# External Safety



## MississipVol (Mar 29, 2012)

I am in the middle of buying my first handgun. I really like the Glock 19 but I am a little scared off by the absence of an external safety, particularly since I have 2 kids (ages 8 & 10). I am accustomed to shotguns and rifles that usually have external safeties and I plan to keep this gun loaded so I am still thinking about moving to a gun WITH an external safety. Thinking about the Ruger SR9 or SR9c or either the S&M M&P 9c. 

Does anyone know if the Ruger SR9 has the trigger that the SR9c has? I have read several reviews that say the trigger is much better on the SR9c but they are all older so I don't know if they have upgraded the trigger on the SR9.

Any thoughts on this question, external safeties, or the Glock 19 vs SR9 (or 9c) vs M&P 9c??

TIA


----------



## tony pasley (May 6, 2006)

The best safety is located between your ears, show, teach, preach safety. Teach your kids about firearms and what they can do then they won't be wondering. Get a good safe for when the handgun isn't on you then use it.


----------



## rex (Jan 27, 2012)

This is strange coming from me but if the Glock is for you,get it.I don't like the design myself,or striker guns,but it doesn't mean it won't work.When it comes to kids,the safest place for it is on your hip or locked up,no matter what.

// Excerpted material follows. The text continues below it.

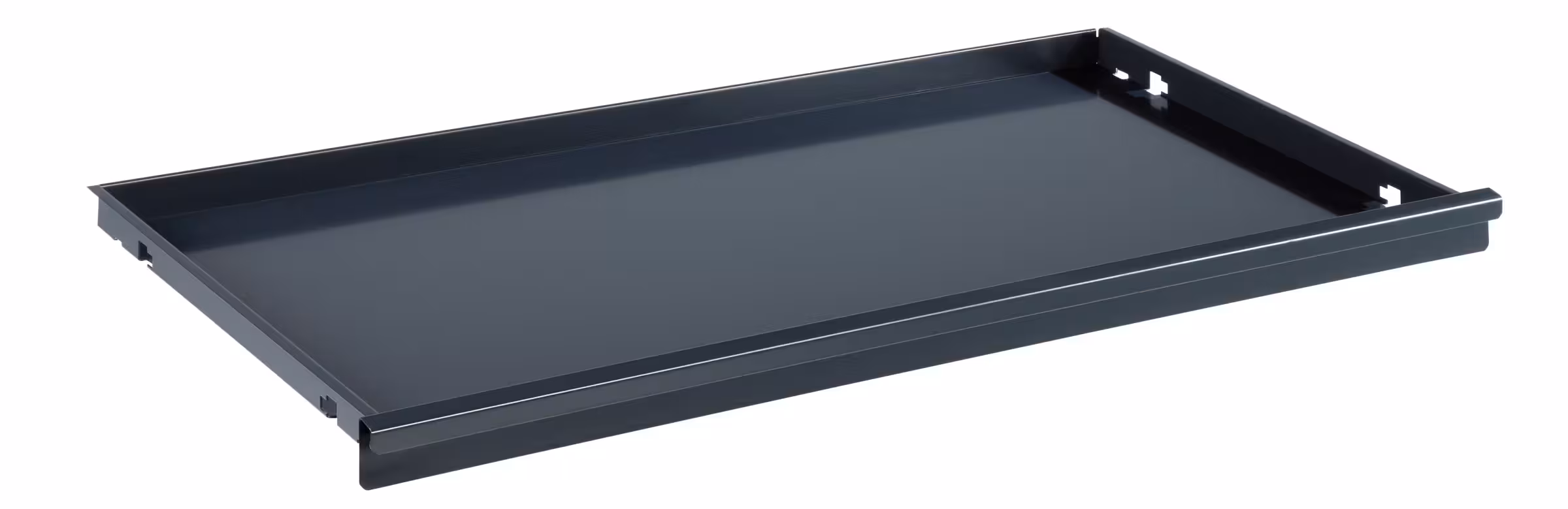 Schubladen und Auszugböden: Vollauszug mit Kugellager, inklusive Führungsschienen. Tragkraft 50 kg. Ausführung: Stahlblech. Farbe: Anthrazitgrau, RAL 7016.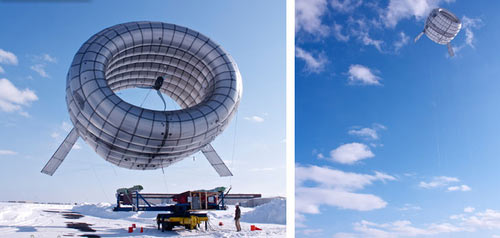 該空氣渦輪機(jī)的設(shè)計(jì)是傳統(tǒng)的風(fēng)車(chē)和飛艇的結(jié)合,通過(guò)充滿(mǎn)氦氣的外殼就可以浮動(dòng)在空中,因?yàn)楦呖罩械挠酗L(fēng)力大,空氣渦輪持續(xù)穩(wěn)定等優(yōu)點(diǎn)。之前,AWT在美國(guó)的緬因州做了一次實(shí)驗(yàn),它浮動(dòng)到了350英尺的高度,并成功發(fā)電,最后成功降落。Altaeros公司計(jì)劃進(jìn)行更多更深入的測(cè)試,他們計(jì)劃將AWT帶到1000英尺的高空,因?yàn)槟抢锏娘L(fēng)力超過(guò)地面的5倍之多,可以產(chǎn)生更多的能量。

I know little about the other 2,but the only Ruger auto I ever liked was the MKII.When it comes to plastic,I don't like it either,but when I broke down I went straight to the originator-HK.Like new can be had very reasonable,and if the PPQ doesn't prove out as good,you won't find a better gun.Opinions and funds vary though.


----------



## MikeyMike (Mar 25, 2012)

MississipVol said:


> I am in the middle of buying my first handgun. I really like the Glock 19 but I am a little scared off by the absence of an external safety, particularly since I have 2 kids (ages 8 & 10). I am accustomed to shotguns and rifles that usually have external safeties and I plan to keep this gun loaded so I am still thinking about moving to a gun WITH an external safety. Thinking about the Ruger SR9 or SR9c or either the S&M M&P 9c.
> 
> Does anyone know if the Ruger SR9 has the trigger that the SR9c has? I have read several reviews that say the trigger is much better on the SR9c but they are all older so I don't know if they have upgraded the trigger on the SR9.
> 
> ...


I understand your fear and would suggest you consider the great advice from Tony, and regardless of the weapon you choose, make the first round in the magazine a snap cap that only you are aware of, if you choose to leave a loaded magazine in it. An alternative choice for you is a S&W M&P 9 with the external safety, great weapon in my opinion. I have one in .45. Another 9mm with external safety is the FNX 9mm that comes to mind. I have the FNP 9mm in FDE and love it. I EDC a Glock 23 and at night, I put the laser/light on it and place it near the bed, during the day, it goes with me. On the days I do not carry, I lock it in the gun safe. Maybe you can get get a lockbox for yours and secure it that way when you are gone ....


----------



## usmcj (Sep 23, 2011)

I've carried a gun with an external safety for over 35 years, and I'm just fine with it. Shoot both if you can, and then choose what suits/fits you best. Without an external safety, you're likely in for a double-action first shot, followed by single action subsequent shots. I'm not a fan of that, but you might get along with it just fine. On the other hand, an external safety is not physically demanding, and proficiency with that system can be attained in just a few range sessions


----------



## usmcj (Sep 23, 2011)

Mikey-Mike... Sir, with all due respect. I'd NEVER.... even jokingly.... suggest to anyone that the first round in their carry gun be a snap cap. That is tantamount to simply offering up your life for someone else to take. Unless, you can conveince the bad guy to "_wait a sec, while I rack my slide to load up a live round, in order to properly defend myself_"...


----------



## ronmail65 (Jan 18, 2011)

tony pasley said:


> The best safety is located between your ears, show, teach, preach safety. Teach your kids about firearms and what they can do then they won't be wondering. Get a good safe for when the handgun isn't on you then use it.


THIS!!

Whatever gun you get, if it's not on your person then it should be in a locked safe if you have children around (or maybe even if you don't). If a kid can get their hands on a loaded gun, it takes no effort or time to simply switch off the safety. IMO, the presence of an external safety is largely irrelevant in this context and provides nothing more than a false sense of security.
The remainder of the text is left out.